Jackson would find an excellent match for his talents in “Who’s” match of slam-bang action, creepy horror and thought-provoking science fiction. The villains of this hypothetical film would almost certainly have to be the tank-like Daleks simply because they’re The Doctor’s most popular foes, but we’d love to see what Jackson would do with such eerie aliens as the fungoid Zygons, the amoeba-like Rutan, or the reptilian Silurians and Sea Devils.

There’s plenty of other forgotten or underappreciated science fiction that would fit Jackson.

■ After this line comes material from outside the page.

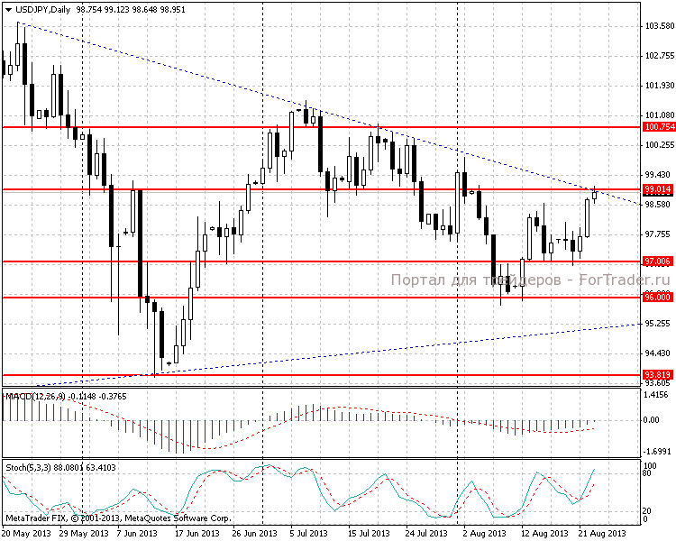 Вчерашний день был отмечен ростом мировых фондовых индексов: американский S&P 500 прибавил 1,2%, а японский Nikkei 225 возрос на 2,5%. Вслед за индексами валютная пара USD/JPY выросла более чем на 100 пунктов и достигла ключевого уровня 99,00 и линии сопротивления (верхняя граница треугольника). Дневной индикатор MACD подошел к нулевой отметке, подтверждая рост. Быстрая линия стохастика зашла в зону перекупленности.

Like “Doctor Who,” lots of them are British — we’d be intrigued to see his take on the 1950s “Quatermass” TV serials and the 1962 monster-chiller “Day Of The Triffids.”

The novels of H.G. Wells are also worth a look. “War Of The Worlds,” “The Time Machine” and “The Island Of Dr. Moreau” have all been filmed recently enough to be effectively off-limits, even if Jackson would probably do a better job. “The Invisible Man” has also been brought to the screen in various incarnations many times, but it’d be interesting to see Jackson update the definitive 1933 Claude Rains version — made the same year as the original “Kong.”

Even better, though, would be if Jackson rescued a couple of decent Wells stories about giant marauding animals from their schlocky 1970s adaptations, “Food Of The Gods” and “Empire Of The Ants,” currently known mainly as the source of the infamous “Simpsons” line: “I, for one, welcome our new insect overlords.”